Искусства и торговля

«Искусства и торговля» (фр. Les Arts et le commerce) — произведение, написанное Гюставом Флобером в январе 1839 года, скорее всего, как школьное сочинение по риторике. Впервые опубликовано в 1910.

Цитаты

править
  •  

Бесполезность искусств и польза торговли стали в мире ходячими понятиями. <…>
В искусстве [многие] видят лишь послеобеденное времяпрепровождение, весёлый отдых, бодрящую игру, и зрелища, по их мнению, — удачная выдумка полиции, чтобы согнать толпу в надёжное место; такие люди, бесспорно, считают всякие товары, бакалею, лес, медь наиважнейшими в этом мире вещами, что ж до чистой, свободной, независимой мысли, до творческого, могучего гения, до поэзии, морали, изящных искусств, — химеры! фантазии! чепуха! — скажут они.
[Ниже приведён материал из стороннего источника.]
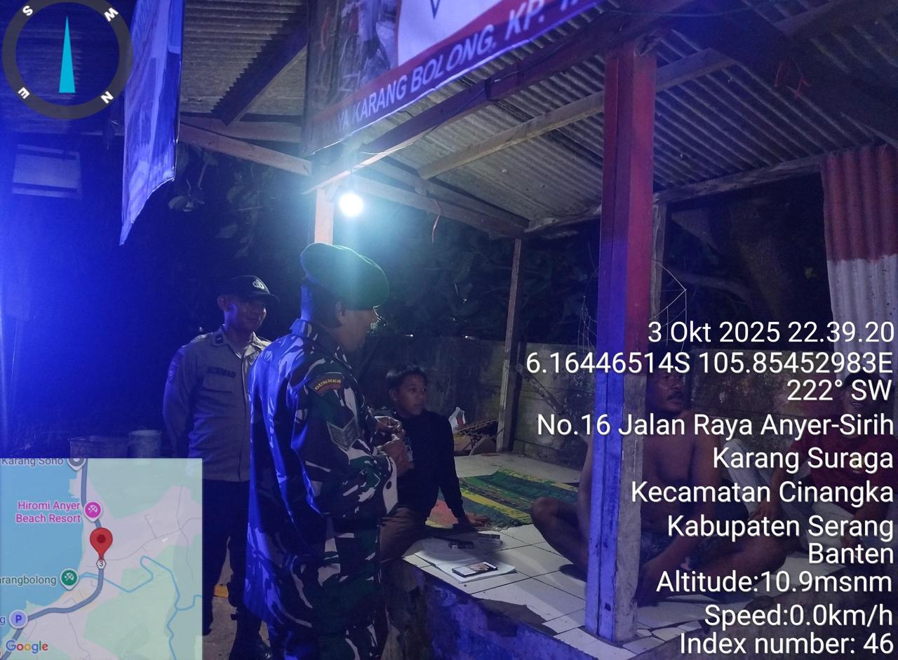 -*POLRES CILEGON*-Polda Banten. Dalam rangka Menjaga situasi kamtibmas kondusif mencegah terjadinya gangguan Kamtibmas Premanisme, Kriminalitas di wilayah Personil Piket Polsek Cinangka mencegah dan Menekan Para Pelaku kejahatan dengan Patroli Blue Light yang di Lakukan Polsek Cinangka gencar Patroli Blue Light dini hari di Wilkum Cinangka Kab Serang . Sabtu (04/10/2025)

Честь и слава, возглашают они, грохочущей машине, вертящемуся валу, вседвижущему пару! Честь и слава индиго, мылу, сахару и судну, перевозящему все это, да ещё тому, кто ворочает делами, подсчитывая, обогащается, продает и покупает! <…>
Оставьте мне мои грёзы, мою никчемность, мои пустые мысли: ваш здравый смысл меня убивает, ваша положительность меня ужасает.

 

La futilité des arts et l’utilité du commerce sont devenus mots banals dans le monde. <…>
Ceux-là ne voient, en effet, dans l’art qu’un passe-temps après dîner, une récréation qui égaie, un jeu qui délasse, et considèrent les spectacles comme la meilleure invention de la police pour pincer les masses en lieu sûr ; ces gens-là, sans doute, regardent la marchandise, la denrée, le bois, le cuivre comme les premières choses d’ici-bas, et quant à la pensée pure, libre, indépendante, quant au génie créateur et grandiose, quant à la poésie, à la morale, aux beaux-arts, chimères ! fantaisies ! futilité ! diront-ils. Honneur, selon eux, à la machine qui crie, au rouleau qui tourne, à la vapeur qui remue ! honneur à l’indigo, au savon, au sucre, au navire qui transporte tout cela, à celui qui l’exploite et calcule, s’enrichit, à celui qui achète et qui vend ! <…>
Laissez-moi mes rêveries, ma futilité, mes idées creuses ; votre bon sens m’assomme, votre positif me fait horreur.

  •  

Риму, <…> повелителю мира, суждено было становиться поочередно очагом всех цивилизаций, им покорённых и поглощённых. Завоеватель может разрушить порты, сжечь флоты, уничтожить промыслы, отклонить течение рек, перекрыть каналы и заковать в цепи население, но дух?.. Где сыщете вы цепи, чтобы сдержать этого Протея, который говорит звуками, возносится ввысь в камнях, изъясняется и мыслит словами? Какою плотиной остановить этот поток? Где найти тюрьму, чтобы заточить это солнце?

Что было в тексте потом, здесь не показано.